_Extracted information_
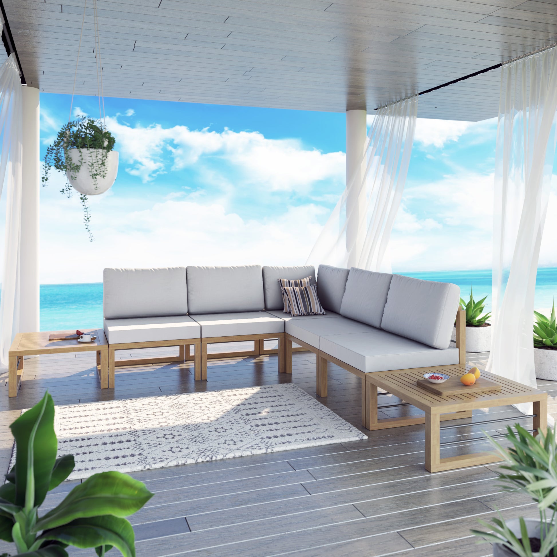 Whether you’re looking to relax or are entertaining on your deck or patio, you can do it in style with this 7 Piece Aluminum Outdoor Conversation Set. With modern lines and a fresh look, this modular set includes one corner sofa seat, four armless sofa seats, and two ottoman/coffee tables. You can configure the pieces of this set in a variety of ways to suit your space, and thanks to the weather-resistant aluminum that has a wood-grain coating, you get all the style and durability of wood furniture and none of the upkeep. With these cushions, you’ll also receive two cushion covers. One cover is our standard color and is already on the cushion, and the other cover will be the color of your choice, so you can refresh your outdoor oasis whenever you’d like. Zippered, removable cushion covers are machine-washable (air dry only). Plus, the 2-in-1 design of the ottomans allow them to function as coffee tables when you need additional space for drinks and snacks.
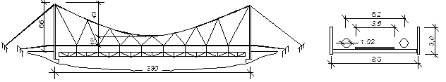 Рис. 11.5. Вантовый мост с решетчатыми фермами и балкой жесткости
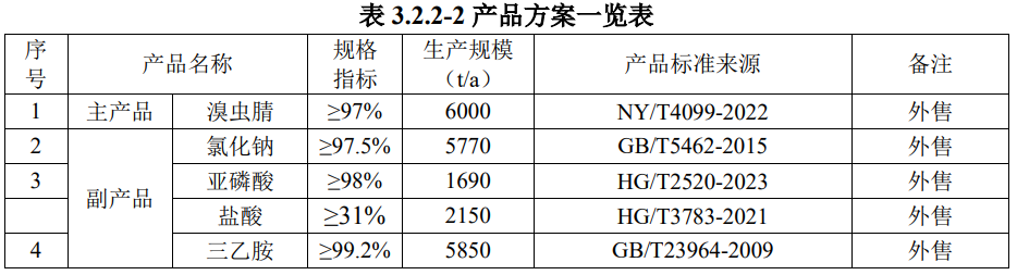 本次建设内容及规模:建设年产6000吨溴虫腈,年产5770吨氯化钠,1690吨亚磷酸,5850吨三乙胺,2150吨盐酸,生产车间、仓库、罐区及相关配套设施。
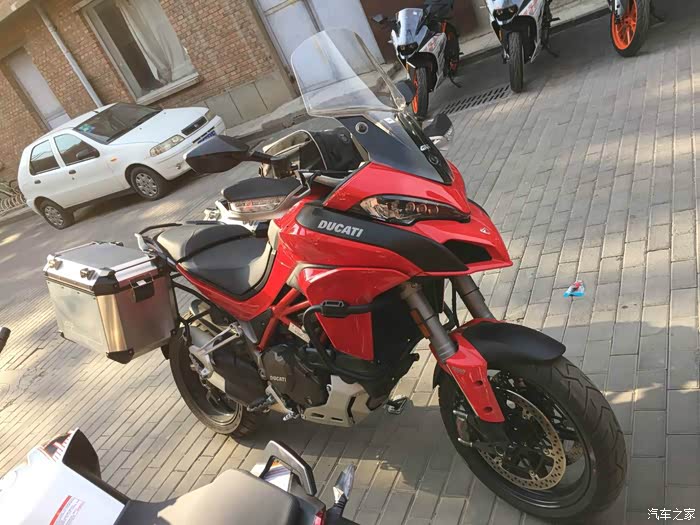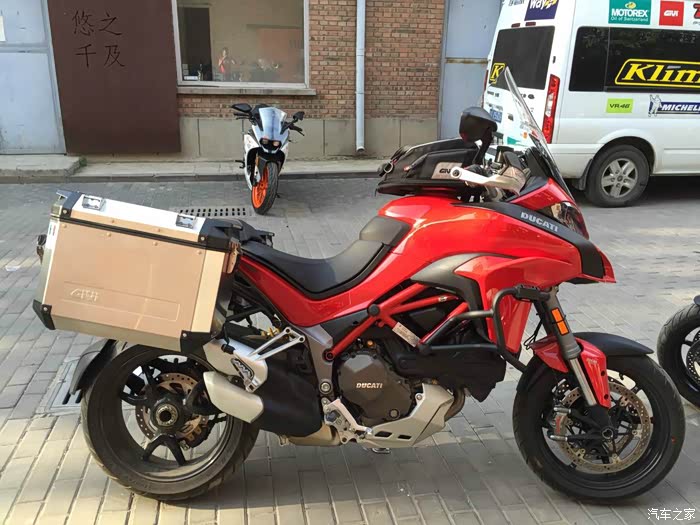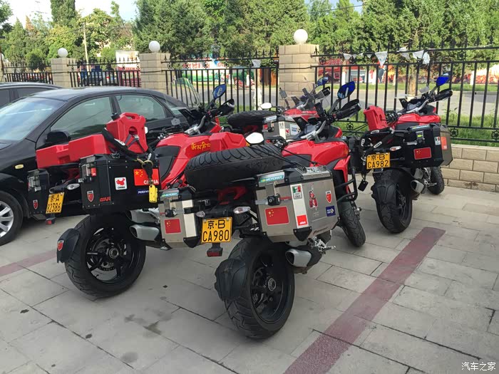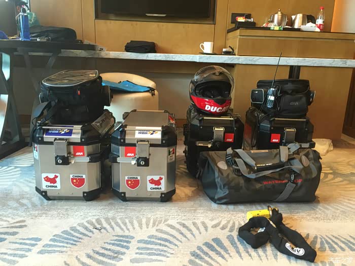 最后就是此行最大的主角了,我们的车:DUCATI MULTISTRADA,中文名:揽途。是目前我骑过的最有乐趣的ADV车型。针对长途旅行,我们做了很多必要的改装,这里要特别感谢@摩德威 的吕飞,由于我们的新车是4月底才在国内上市,所以全亚洲都没有像护杠、风挡、边箱这些改装件。多亏了浪骚贱的吕老板帮我从意大利订了GIVI(杜卡迪官方供应商)的改装件,以中国总代的资格把4套装备单独发了空运的一箱货。才解决了我出行的一大难题。
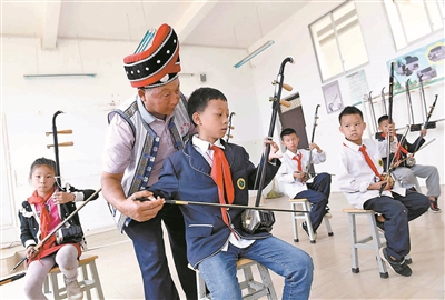 | 民间艺人在云南砚山县平远镇第二小学指导学生演奏二胡。该校开设30多门文化教育课程,培养学生文艺修养,打造健康快乐校园。 新华社发 |
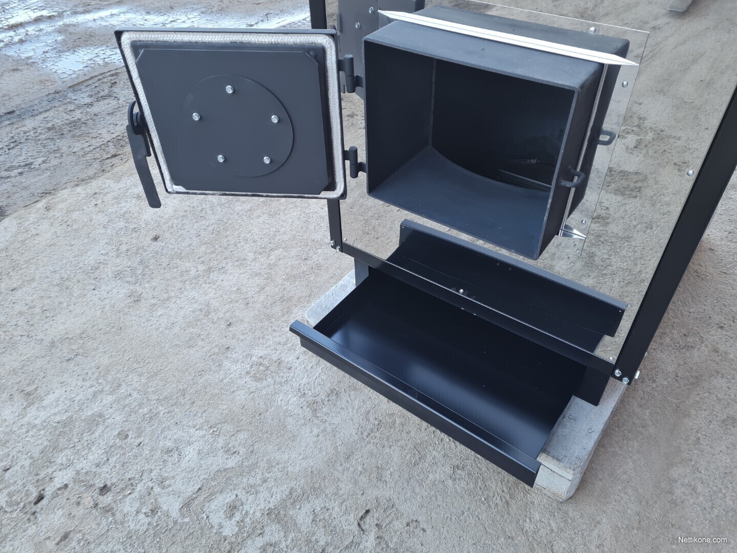Kattilaan mahtuu keskelle n.60cm pitkää klapia, reunoille lyhyempiä
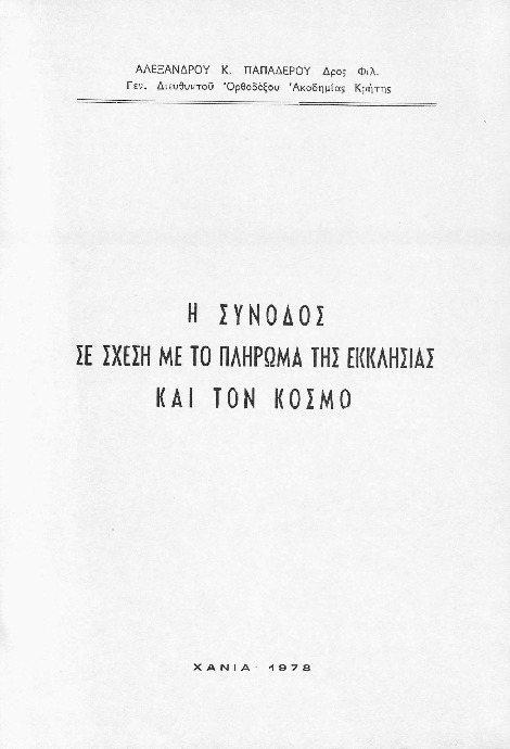 Η σύνοδος σε σχέση με το πλήρωμα της εκκλησίας και τον κόσμο: εισήγηση στο Παγκρήτιο Θεολογικό Συνέδριο
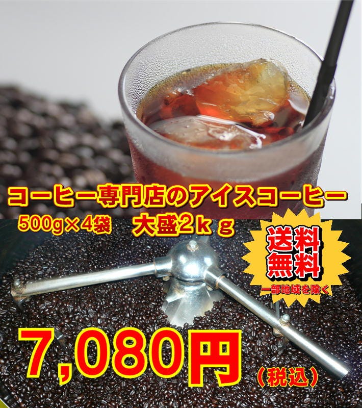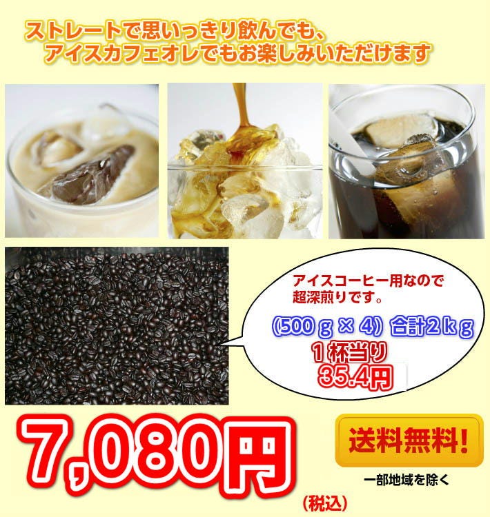 ■アイスコーヒーブレンド500g×4(合計2kg)約200杯 合計たっぷり2,000g(約200杯分)! ◆アイスコーヒーブレンド通常商品(200g/1,100円(税別・送料別)はこちら→ |
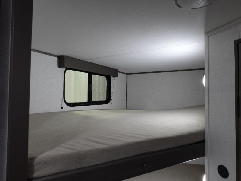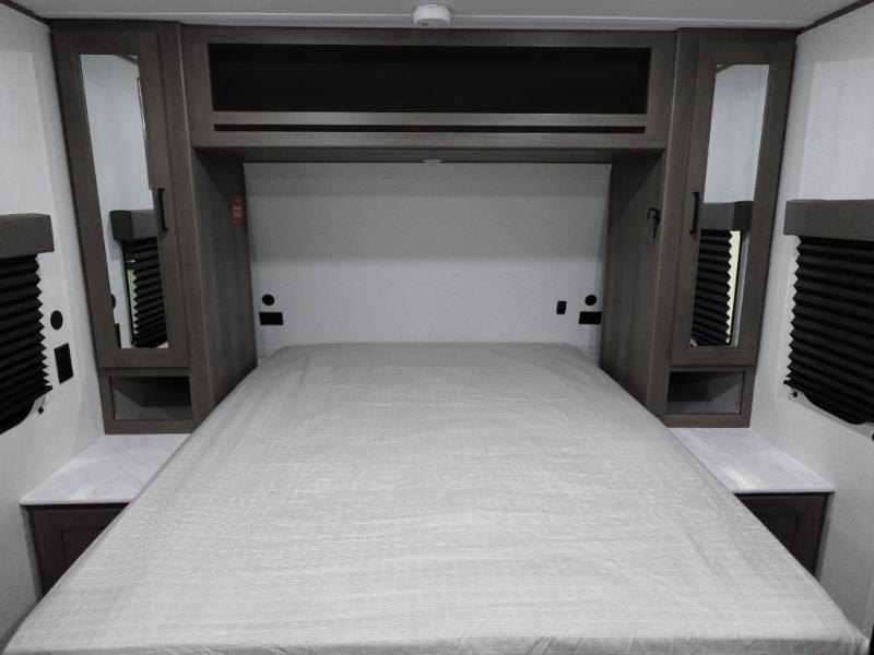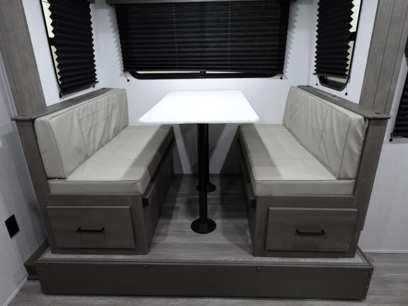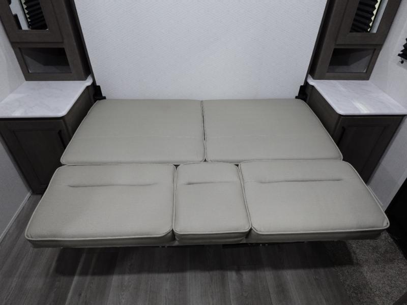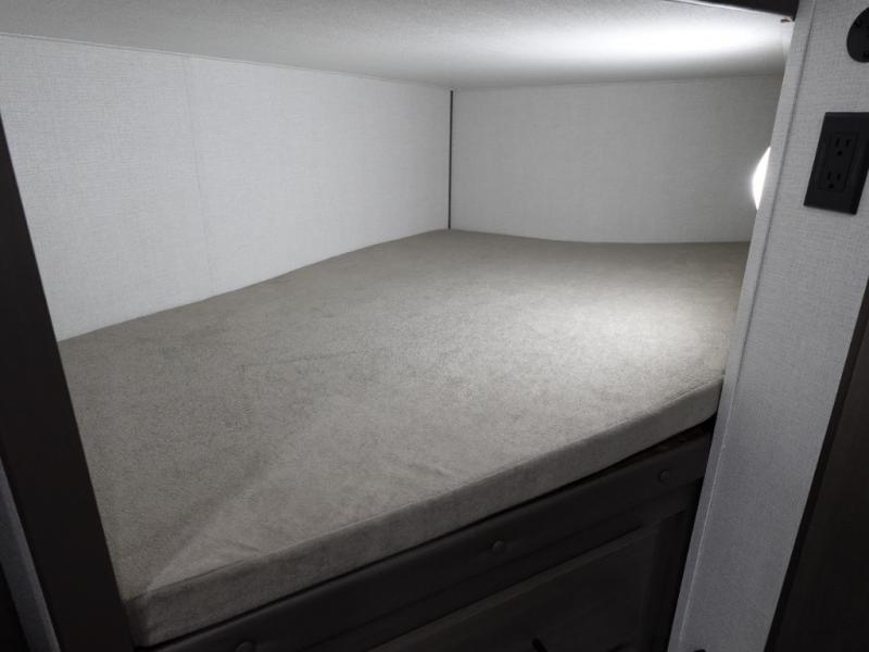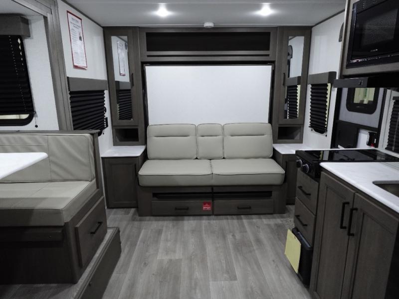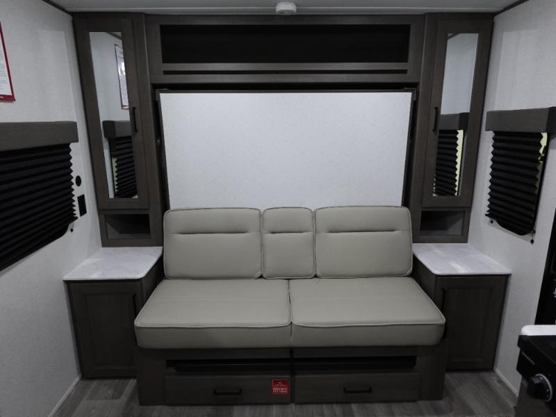 Spacious and versatile, this travel trailer is perfect for weekend trips to the campground or weeklong visits to the lake! There is a front Murphy bed with storage on both sides plus a pull-out pet drawer to keep your furry friends happy. Your guests or little ones will love the double-size bunks with privacy curtains, and the full bath is right next to the bunks for easy nighttime use. Once you make breakfast on the two burner range, you can dine at the booth dinette slide. And this model also includes an outdoor griddle and refrigerator if you want to make breakfast outdoors. Additional exterior features include a 16' power awning, an interior/exterior table, and a pass-thru storage for larger camp gear.

_Task objective_
From the line containing "Рис. 11.5. Вантовый" down to the end of the listing above, every line is to be returned exactly, though the pictures are not.

_Response to the exercise_
 Рис. 11.5. Вантовый мост с решетчатыми фермами и балкой жесткости
 本次建设内容及规模:建设年产6000吨溴虫腈,年产5770吨氯化钠,1690吨亚磷酸,5850吨三乙胺,2150吨盐酸,生产车间、仓库、罐区及相关配套设施。
 最后就是此行最大的主角了,我们的车:DUCATI MULTISTRADA,中文名:揽途。是目前我骑过的最有乐趣的ADV车型。针对长途旅行,我们做了很多必要的改装,这里要特别感谢@摩德威 的吕飞,由于我们的新车是4月底才在国内上市,所以全亚洲都没有像护杠、风挡、边箱这些改装件。多亏了浪骚贱的吕老板帮我从意大利订了GIVI(杜卡迪官方供应商)的改装件,以中国总代的资格把4套装备单独发了空运的一箱货。才解决了我出行的一大难题。
 | 民间艺人在云南砚山县平远镇第二小学指导学生演奏二胡。该校开设30多门文化教育课程,培养学生文艺修养,打造健康快乐校园。 新华社发 |
Kattilaan mahtuu keskelle n.60cm pitkää klapia, reunoille lyhyempiä
 Η σύνοδος σε σχέση με το πλήρωμα της εκκλησίας και τον κόσμο: εισήγηση στο Παγκρήτιο Θεολογικό Συνέδριο
 ■アイスコーヒーブレンド500g×4(合計2kg)約200杯 合計たっぷり2,000g(約200杯分)! ◆アイスコーヒーブレンド通常商品(200g/1,100円(税別・送料別)はこちら→ |
 Spacious and versatile, this travel trailer is perfect for weekend trips to the campground or weeklong visits to the lake! There is a front Murphy bed with storage on both sides plus a pull-out pet drawer to keep your furry friends happy. Your guests or little ones will love the double-size bunks with privacy curtains, and the full bath is right next to the bunks for easy nighttime use. Once you make breakfast on the two burner range, you can dine at the booth dinette slide. And this model also includes an outdoor griddle and refrigerator if you want to make breakfast outdoors. Additional exterior features include a 16' power awning, an interior/exterior table, and a pass-thru storage for larger camp gear.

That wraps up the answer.